• _RECORDED DATA_:

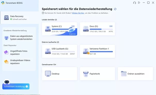 Mit 4DDiG können Sie Daten nach dem 0x80072F8F-Fehler einfach wiederherstellen, indem Sie folgende Schritte ausführen:
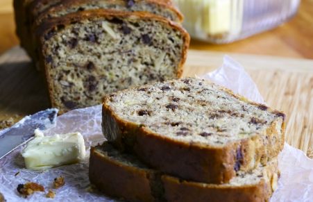 Greek yogurt makes this banana quick bread incredibly moist and offers a slight tang which complements mini chocolate chips and toasted nuts.
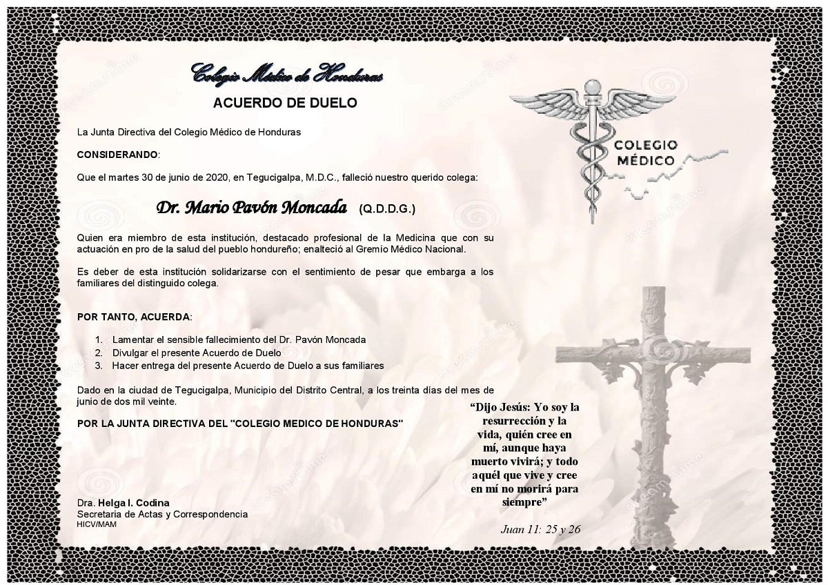 Obituario Dr. Mario Pavón Moncada
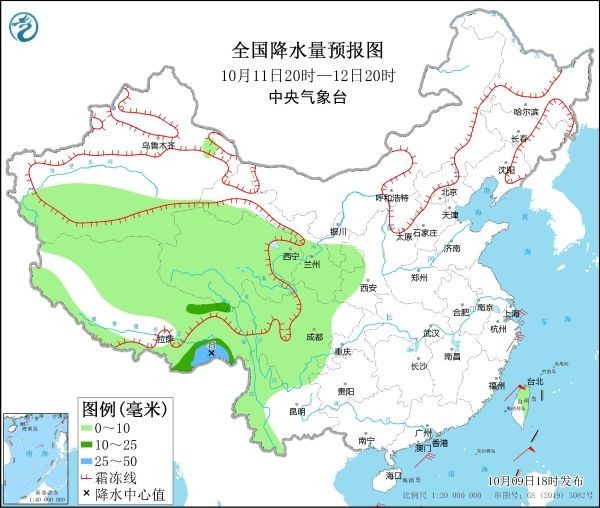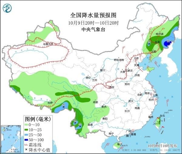 10月9日20時(shí)至10日20時(shí),內(nèi)蒙東南部、遼寧西部和北部、吉林東南部等地有小到中雪或雨夾雪,局部有大雪或暴雪。內(nèi)蒙古東南部、黑龍江東部、吉林大部、遼寧西北部、西藏西南部和東部、云南西部等地部分地區(qū)有中到大雨,其中,吉林東部等地局地有暴雨(50~80毫米)。內(nèi)蒙古中東部、黑龍江西南部、吉林西部、遼寧、河北北部、天津、山東半島、江蘇東部、浙江中北部等地部分地區(qū)有4~6級風(fēng),陣風(fēng)7~8級(見圖2)。渤海、渤海海峽、黃海大部、東海西部、臺灣海峽、臺灣以東洋面、巴士海峽、南海北部、北部灣將有8~9級、陣風(fēng)10~11級的大風(fēng)。

• _WHAT THE TASK REQUIRES_: Give an exact copy of the listing above that leaves out every picture.

• _WRITTEN SOLUTION_:
 Mit 4DDiG können Sie Daten nach dem 0x80072F8F-Fehler einfach wiederherstellen, indem Sie folgende Schritte ausführen:
 Greek yogurt makes this banana quick bread incredibly moist and offers a slight tang which complements mini chocolate chips and toasted nuts.
 Obituario Dr. Mario Pavón Moncada
 10月9日20時(shí)至10日20時(shí),內(nèi)蒙東南部、遼寧西部和北部、吉林東南部等地有小到中雪或雨夾雪,局部有大雪或暴雪。內(nèi)蒙古東南部、黑龍江東部、吉林大部、遼寧西北部、西藏西南部和東部、云南西部等地部分地區(qū)有中到大雨,其中,吉林東部等地局地有暴雨(50~80毫米)。內(nèi)蒙古中東部、黑龍江西南部、吉林西部、遼寧、河北北部、天津、山東半島、江蘇東部、浙江中北部等地部分地區(qū)有4~6級風(fēng),陣風(fēng)7~8級(見圖2)。渤海、渤海海峽、黃海大部、東海西部、臺灣海峽、臺灣以東洋面、巴士海峽、南海北部、北部灣將有8~9級、陣風(fēng)10~11級的大風(fēng)。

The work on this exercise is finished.